_Problem details_
Write the listing out again word for word, excluding any pictures.

_Available data_
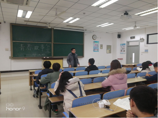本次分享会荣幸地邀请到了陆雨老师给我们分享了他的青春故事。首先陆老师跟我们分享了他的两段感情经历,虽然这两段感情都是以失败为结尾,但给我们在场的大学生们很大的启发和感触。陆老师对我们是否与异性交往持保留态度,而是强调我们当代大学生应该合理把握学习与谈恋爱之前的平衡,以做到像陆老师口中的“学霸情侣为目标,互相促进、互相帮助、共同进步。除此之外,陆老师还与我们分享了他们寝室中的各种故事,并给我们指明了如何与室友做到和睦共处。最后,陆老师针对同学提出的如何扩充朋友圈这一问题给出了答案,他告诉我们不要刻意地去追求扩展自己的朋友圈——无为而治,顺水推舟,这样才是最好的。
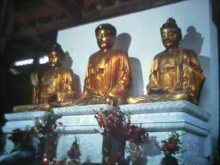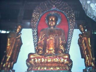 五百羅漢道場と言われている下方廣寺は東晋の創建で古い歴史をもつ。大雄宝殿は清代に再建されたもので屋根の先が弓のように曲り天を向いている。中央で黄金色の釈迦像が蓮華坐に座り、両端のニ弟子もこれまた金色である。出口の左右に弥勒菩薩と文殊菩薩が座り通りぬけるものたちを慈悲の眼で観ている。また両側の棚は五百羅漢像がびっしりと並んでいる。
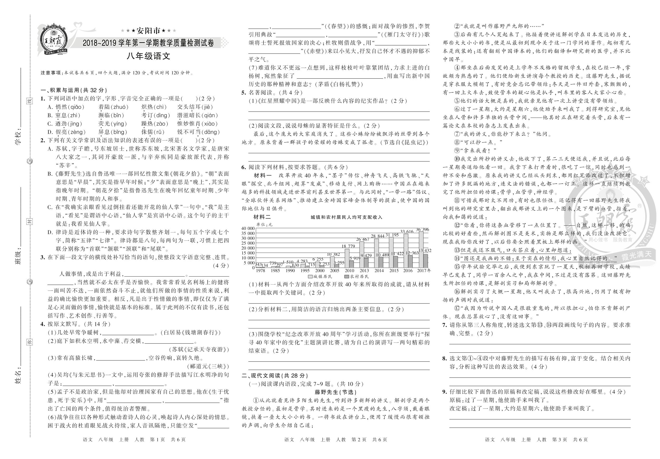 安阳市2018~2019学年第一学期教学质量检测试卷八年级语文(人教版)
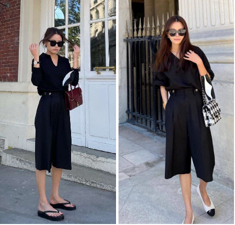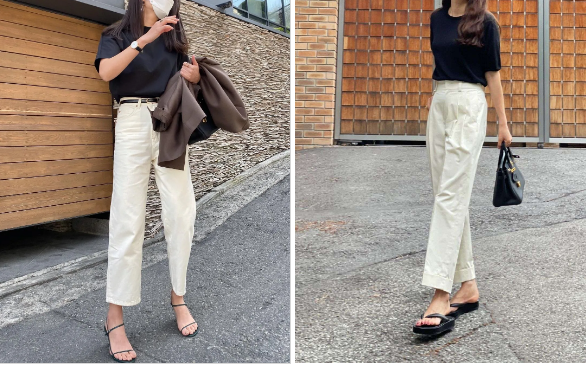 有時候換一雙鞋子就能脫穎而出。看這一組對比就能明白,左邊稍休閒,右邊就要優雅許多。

_Expected answer_
本次分享会荣幸地邀请到了陆雨老师给我们分享了他的青春故事。首先陆老师跟我们分享了他的两段感情经历,虽然这两段感情都是以失败为结尾,但给我们在场的大学生们很大的启发和感触。陆老师对我们是否与异性交往持保留态度,而是强调我们当代大学生应该合理把握学习与谈恋爱之前的平衡,以做到像陆老师口中的“学霸情侣为目标,互相促进、互相帮助、共同进步。除此之外,陆老师还与我们分享了他们寝室中的各种故事,并给我们指明了如何与室友做到和睦共处。最后,陆老师针对同学提出的如何扩充朋友圈这一问题给出了答案,他告诉我们不要刻意地去追求扩展自己的朋友圈——无为而治,顺水推舟,这样才是最好的。
 五百羅漢道場と言われている下方廣寺は東晋の創建で古い歴史をもつ。大雄宝殿は清代に再建されたもので屋根の先が弓のように曲り天を向いている。中央で黄金色の釈迦像が蓮華坐に座り、両端のニ弟子もこれまた金色である。出口の左右に弥勒菩薩と文殊菩薩が座り通りぬけるものたちを慈悲の眼で観ている。また両側の棚は五百羅漢像がびっしりと並んでいる。
 安阳市2018~2019学年第一学期教学质量检测试卷八年级语文(人教版)
 有時候換一雙鞋子就能脫穎而出。看這一組對比就能明白,左邊稍休閒,右邊就要優雅許多。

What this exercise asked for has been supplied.